Josh: No the thing I was thinking about during the recording was the audio aspect of things. I was just trying to play well. I didn’t want to hit any wrong notes. That would be a problem. [Laughs]

So I was a little more restrained in my physical performance than I normally would be in a live show. Normally you’re going for this exchange of energy between the band and the audience. You give yourself a wider margin for inaccuracy. There’s that quote from Keith Moon where he said, “Eighty percent of what people hear at a concert is what they see.” You can get away with a lot of mistakes that way, but here I knew it had to be right.

Analogue: Did you have a good history of playing alongside either of these guys before this?

Josh: We had never played together before.

Analogue: That seems risky. I’d think you’d at least have some experience with one of them.

Josh: I’d played on the same bill as bands that they’d been in. John Perrin had been in a band called The Loveshots that the Popes played with multiple times. I’d played gigs with John San Juan, so I knew how good they were. When you have musicians who are to a certain level of skill and talent, you don’t worry about that.

'The Hideout Sessions'
'The Hideout Sessions'

When you put together a combination of musicians, you don’t know what the exact personality of that combination is going to be. A band has its own musical voice that’s larger than the sum of its parts, and you don’t know what that voice will sound like until you try it. I was just so delighted and surprised and exhilarated by what the collective musical voice of this combo ended up being.
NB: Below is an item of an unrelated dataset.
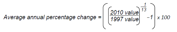 Average annual percentage change equals open parenthesis, open parenthesis, 2010 value divided by 1997 value, close parenthesis, to the power of 1 divided by 13, minus 1, close parenthesis, multiplied by 100.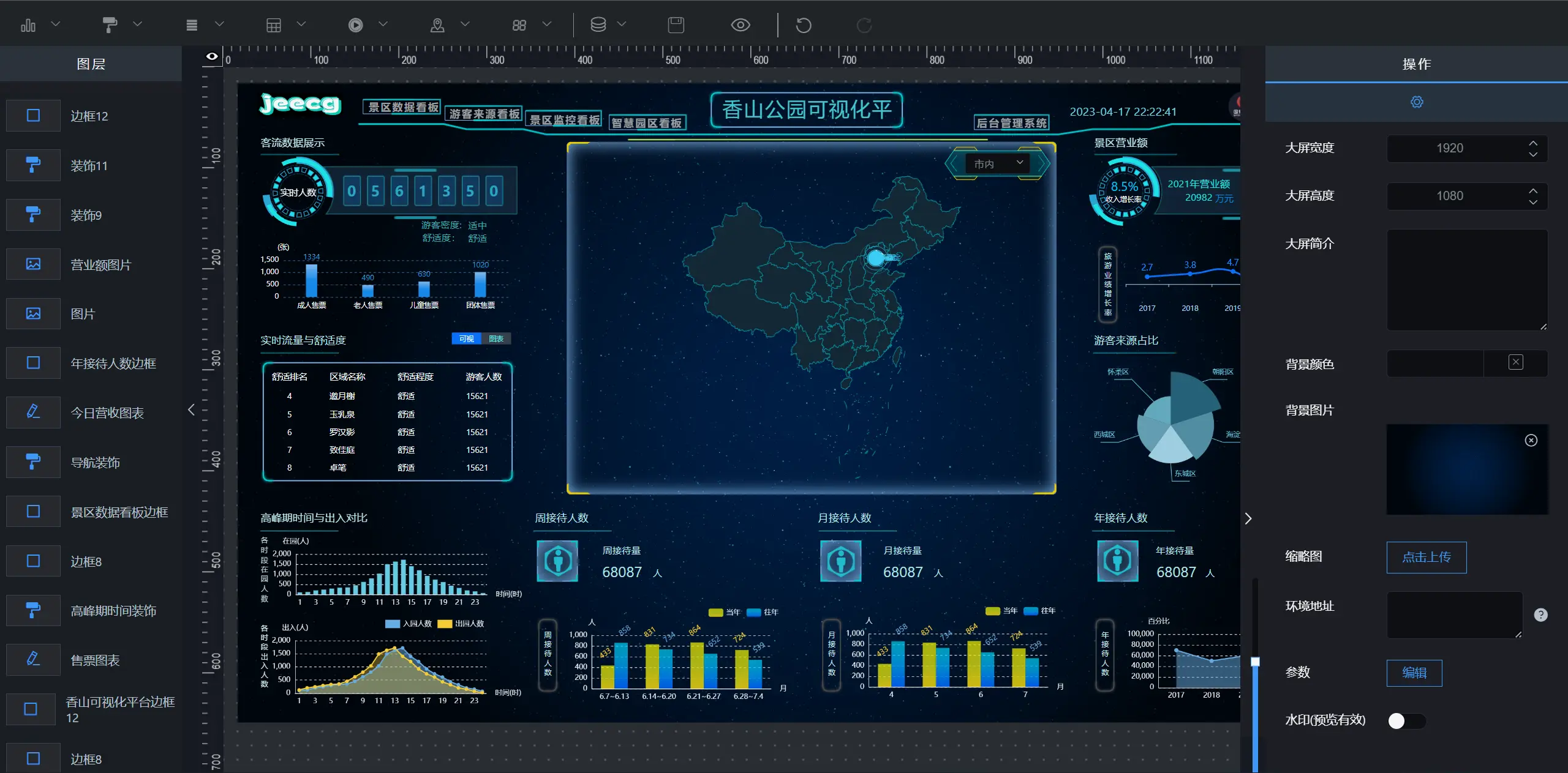 - 6.提供强大的报表和大屏可视化工具,支持丰富的数据源连接,能够通过拖拉拽方式快速制作报表、大屏和门户设计;支持多种图表类型:柱形图、折线图、散点图、饼图、环形图、面积图、漏斗图、进度图、仪表盘、雷达图、地图等。

It ended up a lot heavier than I thought it would be. I went into it thinking these interpretations would be a little lighter or mellower or gentler. That’s just what I had in my head, but as soon as we started playing together, it went in a different direction. It was more energized and rock than I thought it would be. I was fine with it. I wanted to be what it is. The point is to let everyone do their own thing and bring their own creative talents to the table.

Those guys, it really did feel to me like they’ve been playing together for years. They’d played together one other time in a Beatles cover set, for which they had not rehearsed. They’d gotten on stage together without rehearsing and they both knew so many Beatles songs that they could just get on stage and play. That was the extent of their musical history together.

But they were so in sync together. I listen to mixes of the album now and I’m hearing these moments where they’re so locked in together. You usually only achieve that at the end of a tour or something, when you’ve played together every night for a month or something. But they got it right off the bat.

Analogue: Beyond this album release, you have anything else you’re excited about these days, creatively speaking?

Josh: I’m so excited about this record that I’m thinking of doing another one. When this thing comes out, I want to do a virtual release show. But if we record that, we’ll have another album in the can. So that’s where my head is at now.